### EXERCISE AIM
Reproduce, from the lines below, exactly the stretch that begins at the line containing "남산 N타워에서부터 벚꽃" and ends at the line containing "Сумка мужская микс", both included.

### INFORMATION GIVEN

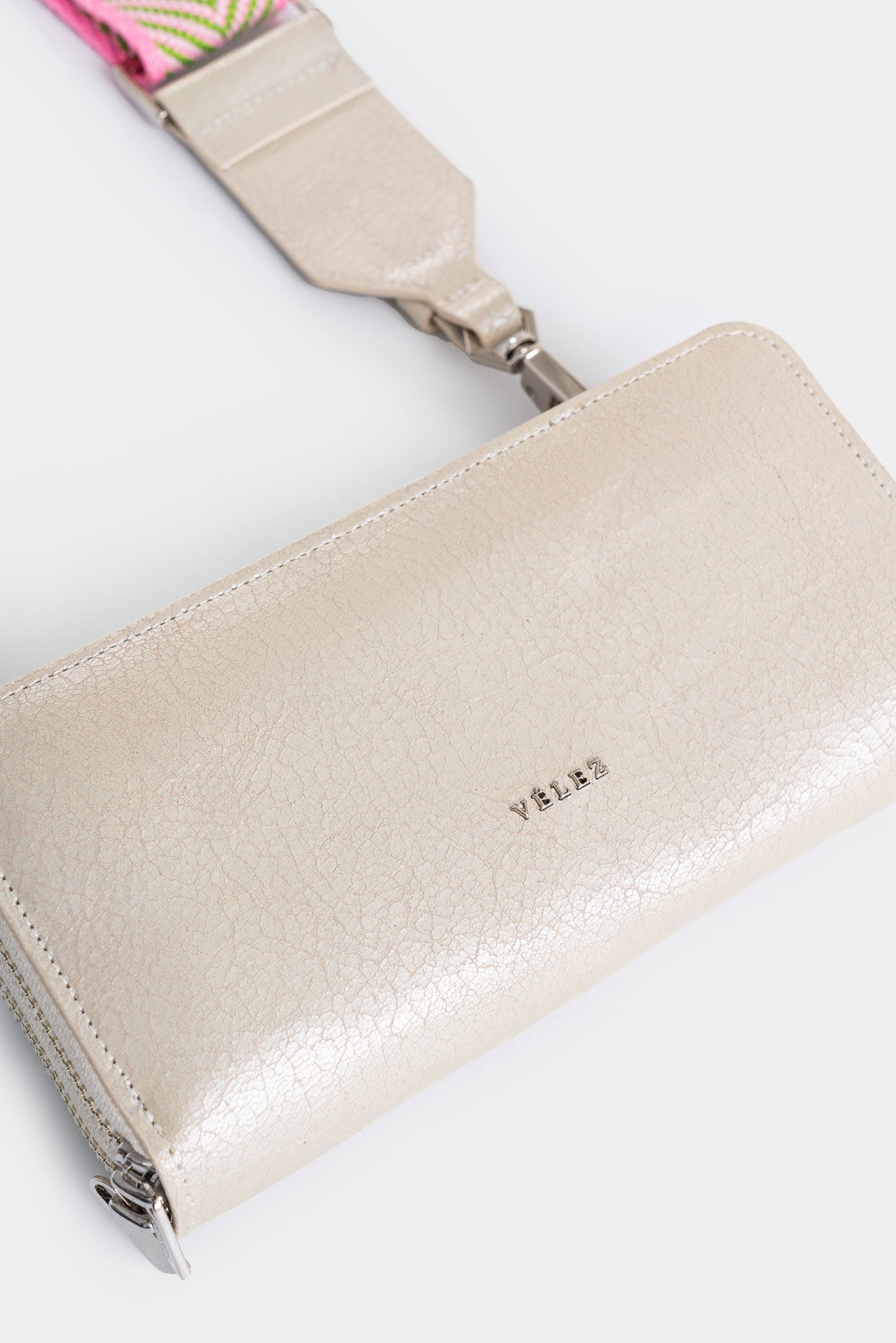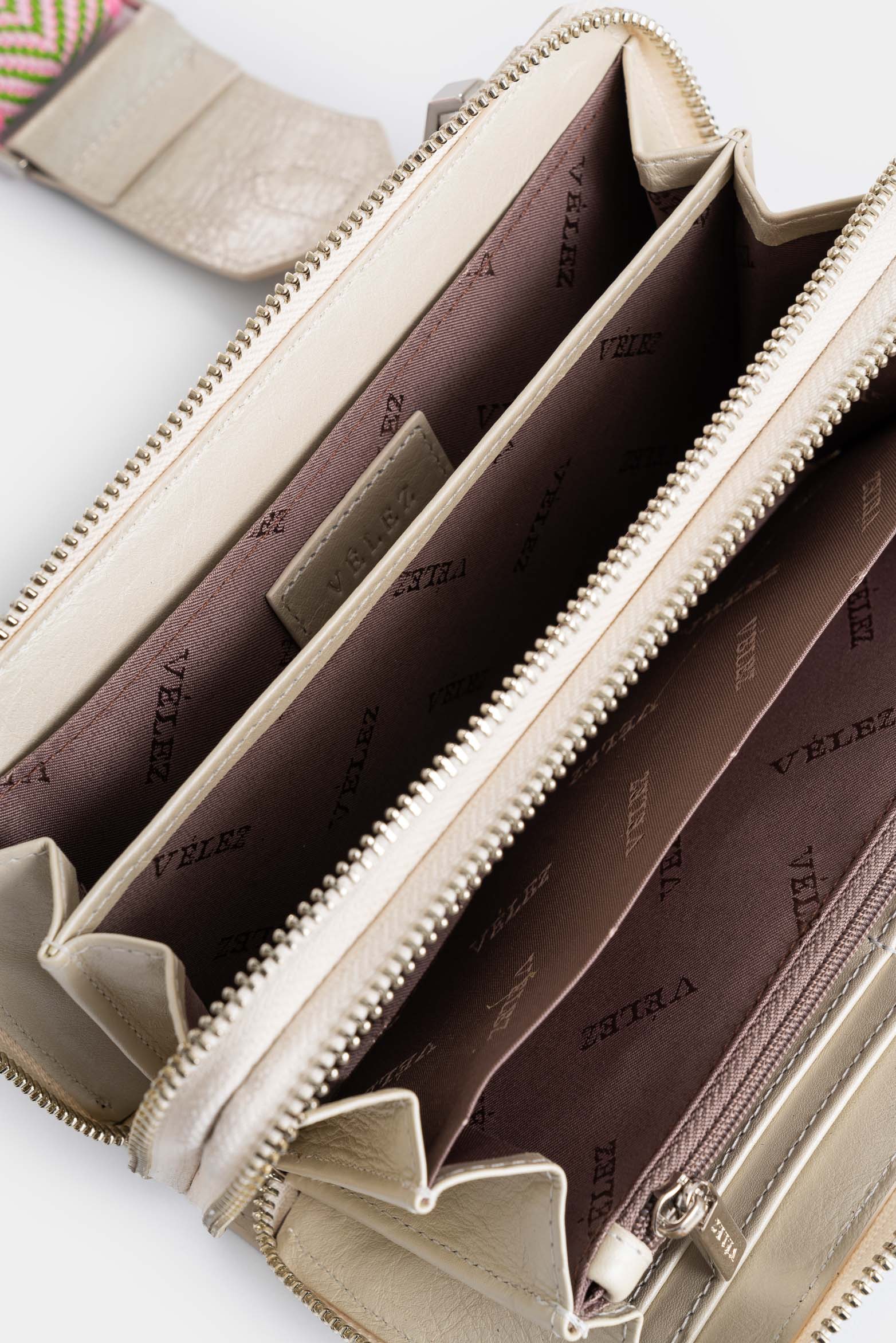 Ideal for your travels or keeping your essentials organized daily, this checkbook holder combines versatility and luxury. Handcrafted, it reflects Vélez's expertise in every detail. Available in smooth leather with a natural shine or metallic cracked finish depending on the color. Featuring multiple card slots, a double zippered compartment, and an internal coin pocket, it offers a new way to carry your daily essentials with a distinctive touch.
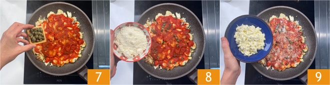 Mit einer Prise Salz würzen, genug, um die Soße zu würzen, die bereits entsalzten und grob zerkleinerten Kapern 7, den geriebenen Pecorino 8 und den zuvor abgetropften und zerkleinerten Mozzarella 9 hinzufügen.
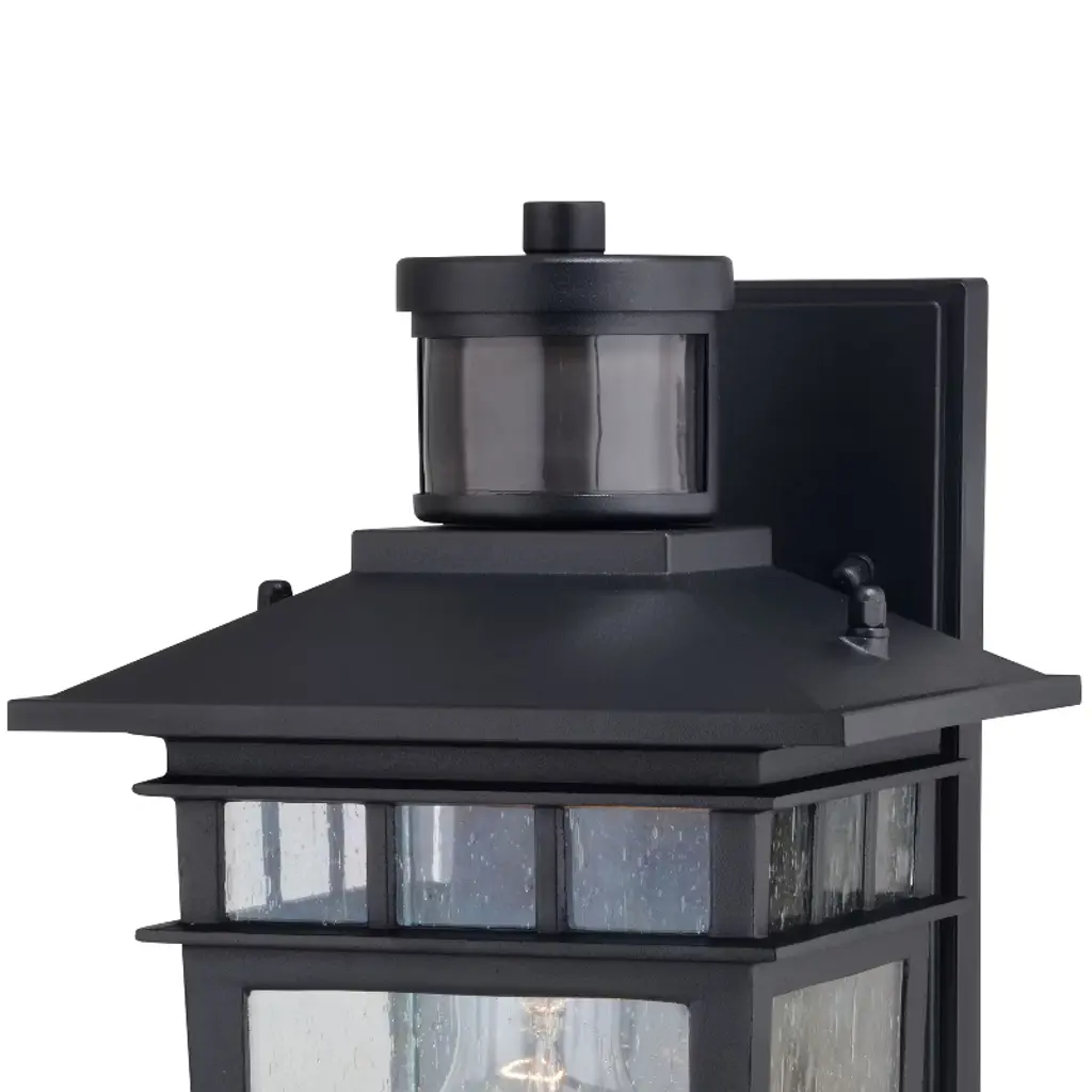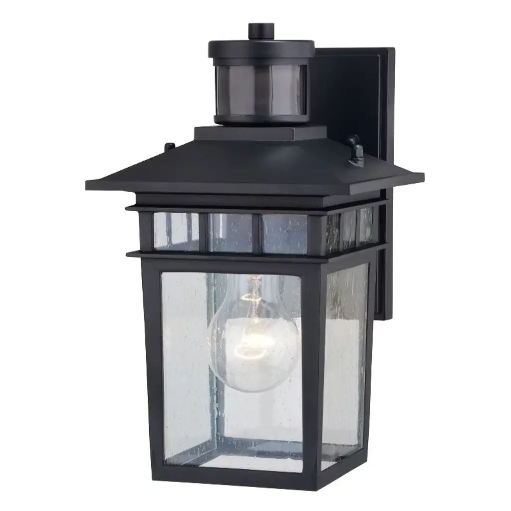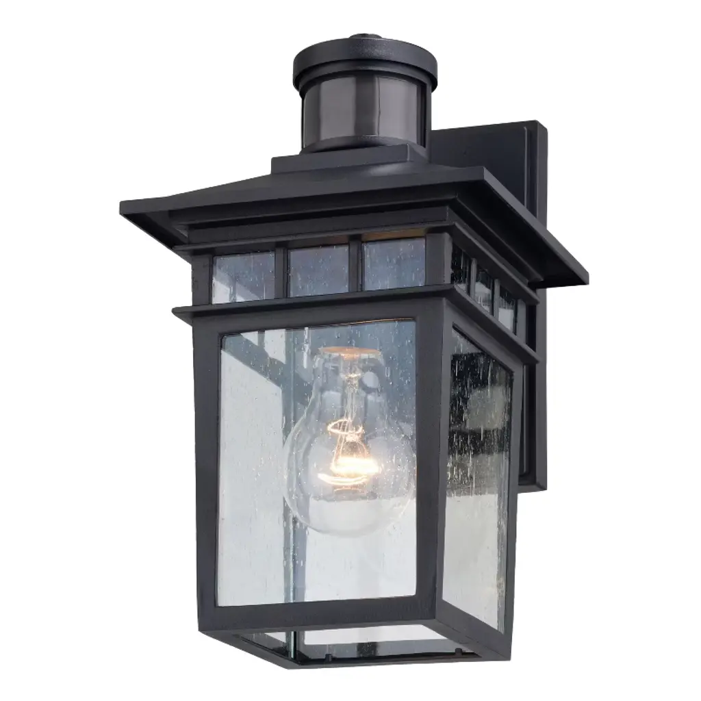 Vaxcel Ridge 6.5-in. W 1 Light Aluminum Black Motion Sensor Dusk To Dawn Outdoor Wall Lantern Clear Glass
---
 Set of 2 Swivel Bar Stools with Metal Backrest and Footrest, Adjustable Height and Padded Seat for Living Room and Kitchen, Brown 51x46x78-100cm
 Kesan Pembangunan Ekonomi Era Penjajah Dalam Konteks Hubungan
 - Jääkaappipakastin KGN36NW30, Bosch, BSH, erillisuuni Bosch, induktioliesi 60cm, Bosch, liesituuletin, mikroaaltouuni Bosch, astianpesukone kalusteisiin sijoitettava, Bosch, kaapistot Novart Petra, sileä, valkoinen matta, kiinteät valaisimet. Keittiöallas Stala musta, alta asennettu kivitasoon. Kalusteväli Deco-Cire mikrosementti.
* * *
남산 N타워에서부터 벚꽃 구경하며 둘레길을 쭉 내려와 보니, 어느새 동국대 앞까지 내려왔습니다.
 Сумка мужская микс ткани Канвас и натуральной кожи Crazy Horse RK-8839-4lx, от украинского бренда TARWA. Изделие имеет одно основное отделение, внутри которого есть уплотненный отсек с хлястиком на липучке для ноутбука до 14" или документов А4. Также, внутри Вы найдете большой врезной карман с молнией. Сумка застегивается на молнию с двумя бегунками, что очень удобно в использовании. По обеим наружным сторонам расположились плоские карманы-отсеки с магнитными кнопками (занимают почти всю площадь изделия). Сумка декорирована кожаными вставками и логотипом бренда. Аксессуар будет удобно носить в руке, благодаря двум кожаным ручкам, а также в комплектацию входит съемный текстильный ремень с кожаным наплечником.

### RESPONSE FOR THIS EXERCISE
남산 N타워에서부터 벚꽃 구경하며 둘레길을 쭉 내려와 보니, 어느새 동국대 앞까지 내려왔습니다.
 Сумка мужская микс ткани Канвас и натуральной кожи Crazy Horse RK-8839-4lx, от украинского бренда TARWA. Изделие имеет одно основное отделение, внутри которого есть уплотненный отсек с хлястиком на липучке для ноутбука до 14" или документов А4. Также, внутри Вы найдете большой врезной карман с молнией. Сумка застегивается на молнию с двумя бегунками, что очень удобно в использовании. По обеим наружным сторонам расположились плоские карманы-отсеки с магнитными кнопками (занимают почти всю площадь изделия). Сумка декорирована кожаными вставками и логотипом бренда. Аксессуар будет удобно носить в руке, благодаря двум кожаным ручкам, а также в комплектацию входит съемный текстильный ремень с кожаным наплечником.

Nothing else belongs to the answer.